(Data for this exercise)

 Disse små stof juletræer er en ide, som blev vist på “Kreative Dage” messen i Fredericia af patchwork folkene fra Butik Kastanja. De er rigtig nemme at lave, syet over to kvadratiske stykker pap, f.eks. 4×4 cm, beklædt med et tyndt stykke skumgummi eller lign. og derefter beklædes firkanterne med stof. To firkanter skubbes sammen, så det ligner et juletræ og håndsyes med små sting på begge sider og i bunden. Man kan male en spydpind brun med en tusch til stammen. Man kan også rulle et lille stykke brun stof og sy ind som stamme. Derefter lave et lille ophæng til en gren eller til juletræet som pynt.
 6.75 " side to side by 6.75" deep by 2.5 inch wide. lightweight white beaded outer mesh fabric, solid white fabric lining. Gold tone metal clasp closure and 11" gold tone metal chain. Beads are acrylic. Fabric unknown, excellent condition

(End Data for this exercise)
(Data for this exercise)

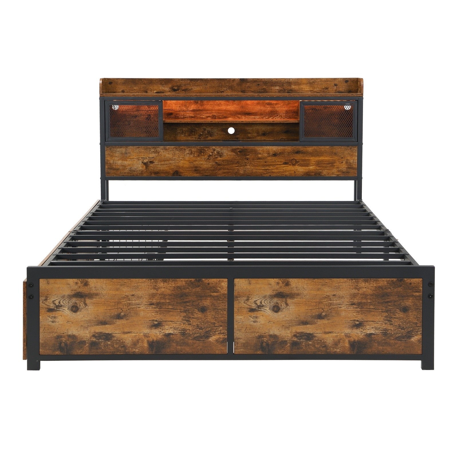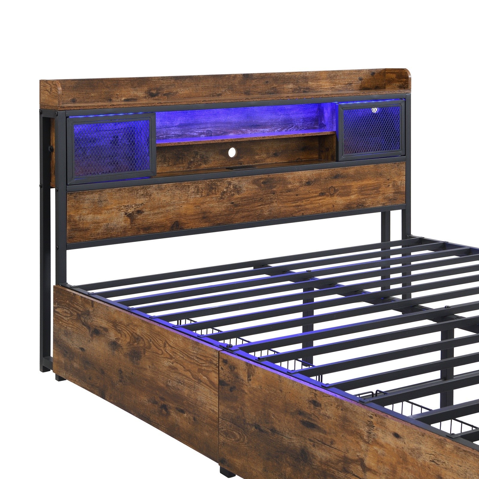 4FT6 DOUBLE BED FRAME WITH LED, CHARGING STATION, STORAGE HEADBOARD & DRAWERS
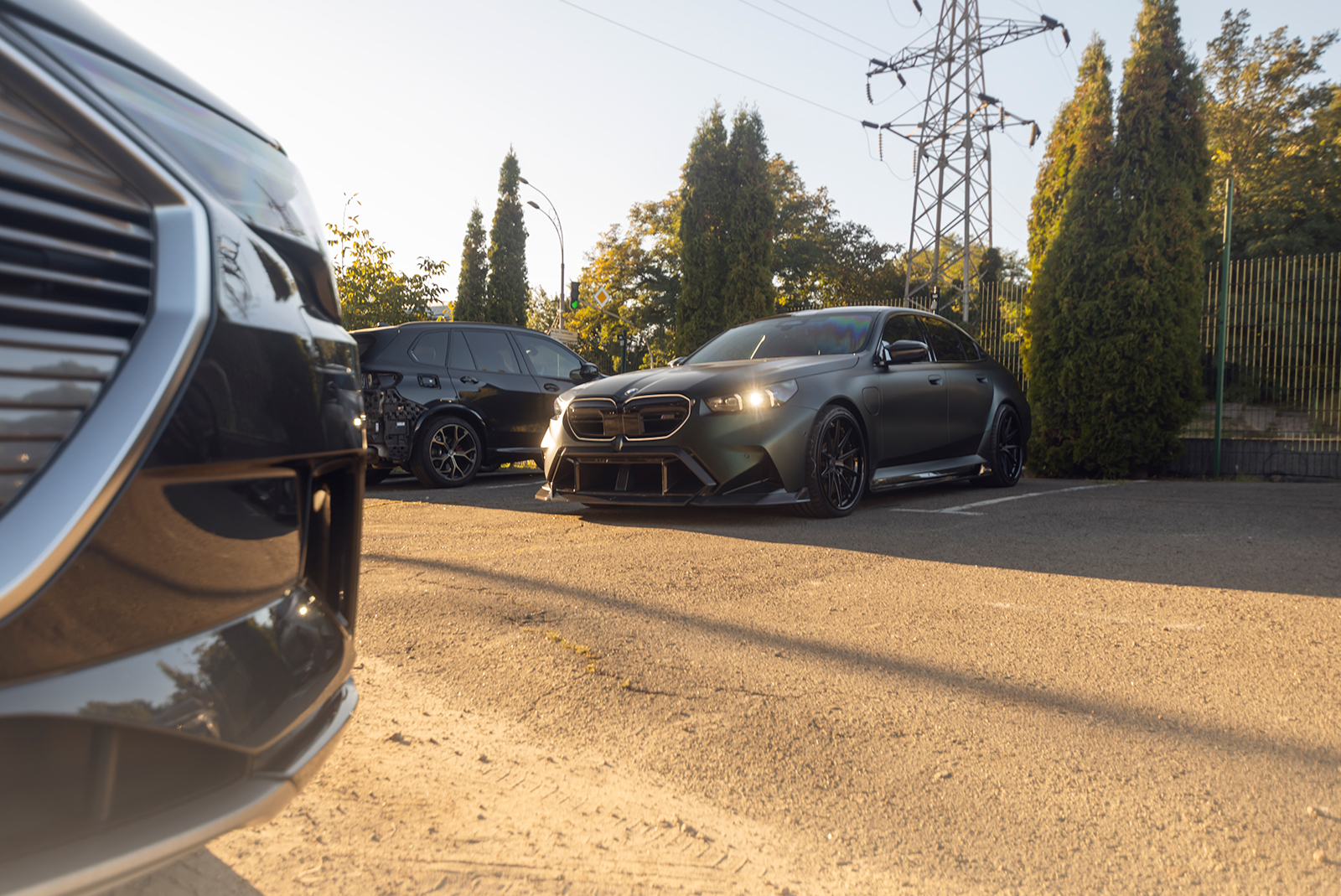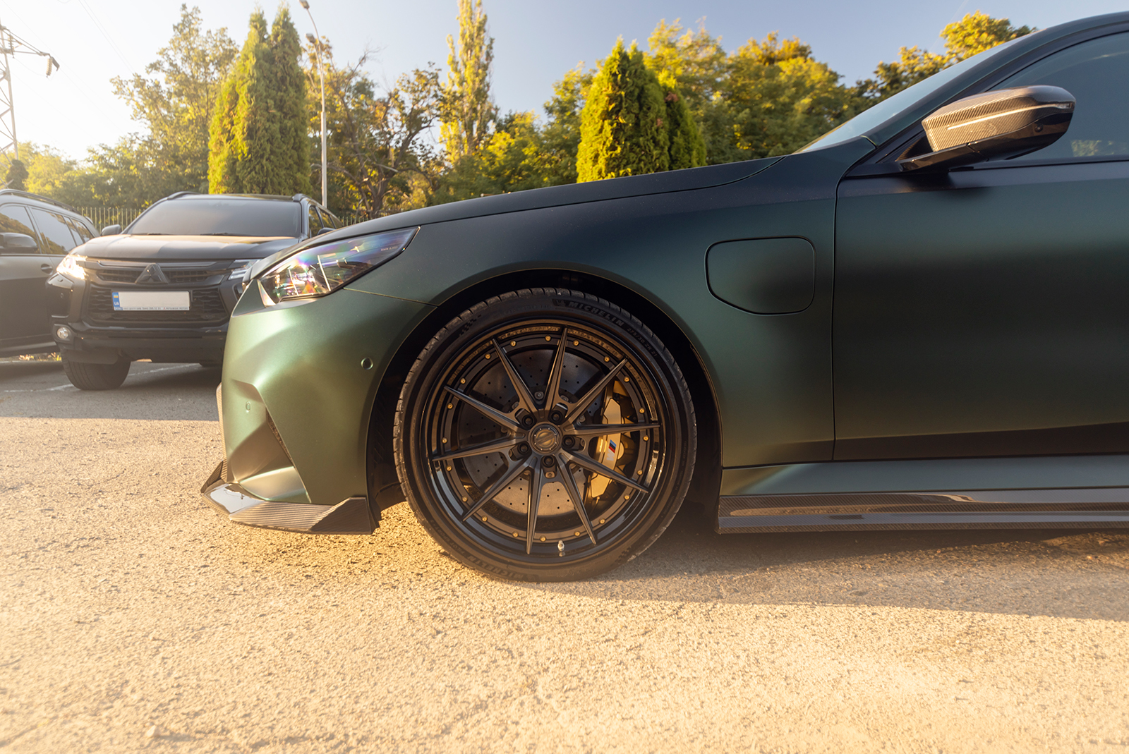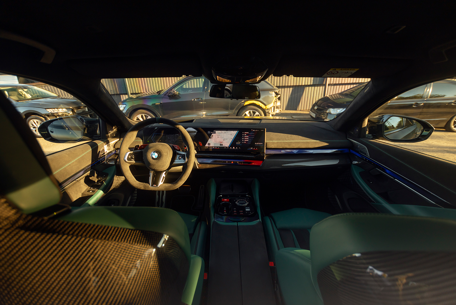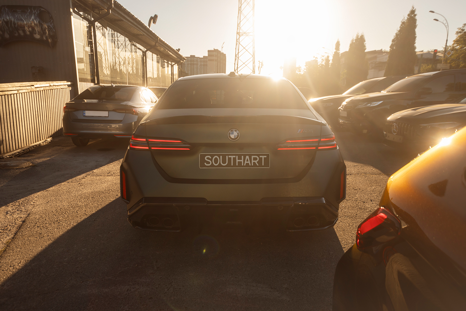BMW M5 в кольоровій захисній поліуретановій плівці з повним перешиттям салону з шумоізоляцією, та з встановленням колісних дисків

(End Data for this exercise)
(Data for this exercise)

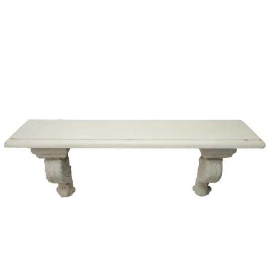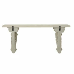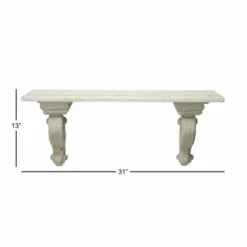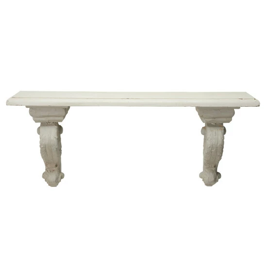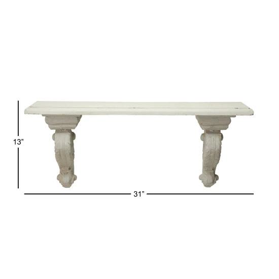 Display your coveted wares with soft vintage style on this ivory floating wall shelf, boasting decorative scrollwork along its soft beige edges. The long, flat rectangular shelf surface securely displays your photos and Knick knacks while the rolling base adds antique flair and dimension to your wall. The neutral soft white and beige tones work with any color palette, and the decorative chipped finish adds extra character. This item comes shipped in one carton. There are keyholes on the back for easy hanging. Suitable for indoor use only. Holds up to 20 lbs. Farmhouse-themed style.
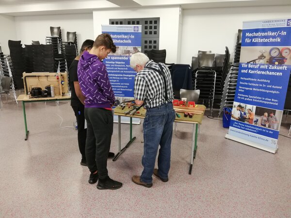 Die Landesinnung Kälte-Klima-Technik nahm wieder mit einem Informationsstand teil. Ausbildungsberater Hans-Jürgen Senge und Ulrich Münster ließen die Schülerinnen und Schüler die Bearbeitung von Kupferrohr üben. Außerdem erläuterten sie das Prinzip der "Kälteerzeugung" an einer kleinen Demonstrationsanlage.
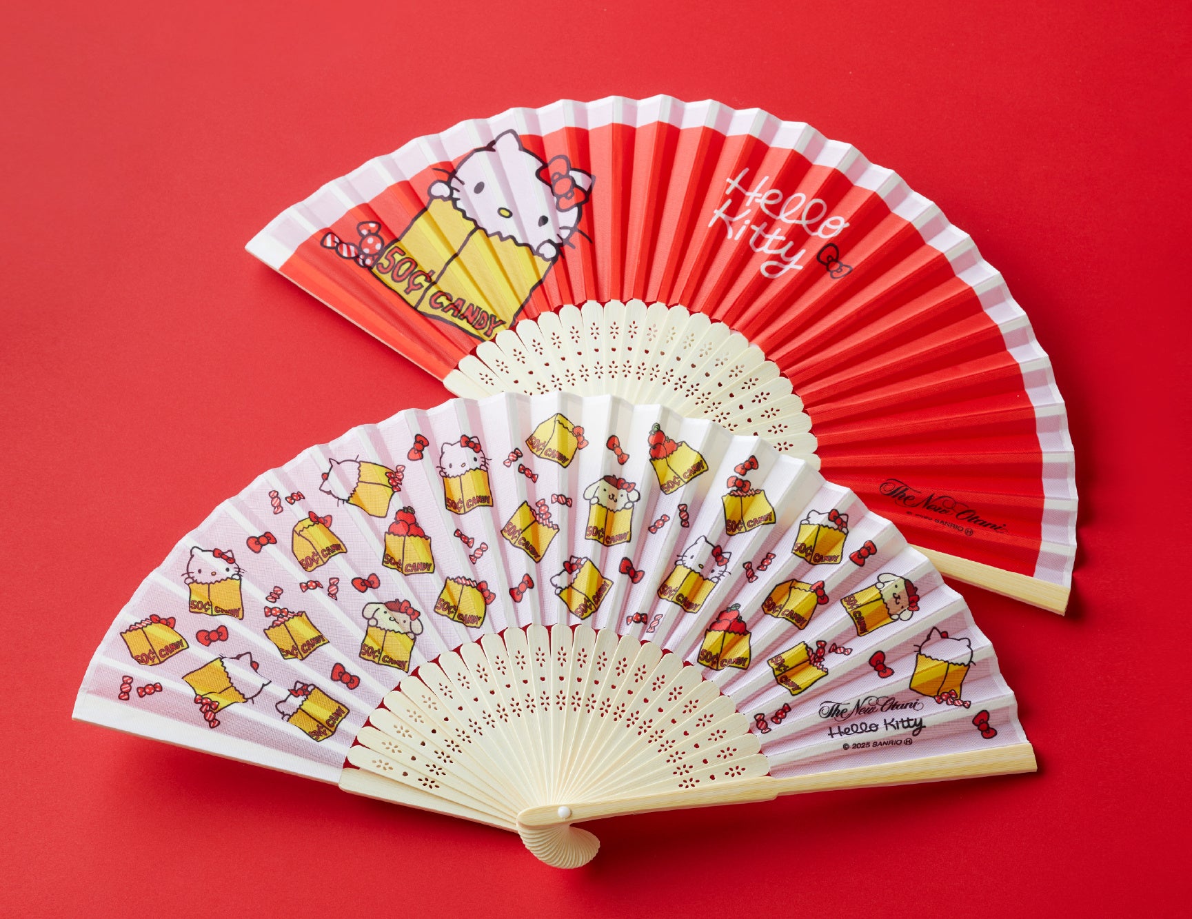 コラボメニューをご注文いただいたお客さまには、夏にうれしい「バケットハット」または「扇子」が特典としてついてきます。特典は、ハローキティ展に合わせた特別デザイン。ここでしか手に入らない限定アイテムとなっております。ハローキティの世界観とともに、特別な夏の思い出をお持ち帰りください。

(End Data for this exercise)

#### Activity
Looking at the records above, return exactly the lines from the line with "Disse små stof" to the line with "unknown, excellent condition", both ends included.

#### Exercise answer
 Disse små stof juletræer er en ide, som blev vist på “Kreative Dage” messen i Fredericia af patchwork folkene fra Butik Kastanja. De er rigtig nemme at lave, syet over to kvadratiske stykker pap, f.eks. 4×4 cm, beklædt med et tyndt stykke skumgummi eller lign. og derefter beklædes firkanterne med stof. To firkanter skubbes sammen, så det ligner et juletræ og håndsyes med små sting på begge sider og i bunden. Man kan male en spydpind brun med en tusch til stammen. Man kan også rulle et lille stykke brun stof og sy ind som stamme. Derefter lave et lille ophæng til en gren eller til juletræet som pynt.
 6.75 " side to side by 6.75" deep by 2.5 inch wide. lightweight white beaded outer mesh fabric, solid white fabric lining. Gold tone metal clasp closure and 11" gold tone metal chain. Beads are acrylic. Fabric unknown, excellent condition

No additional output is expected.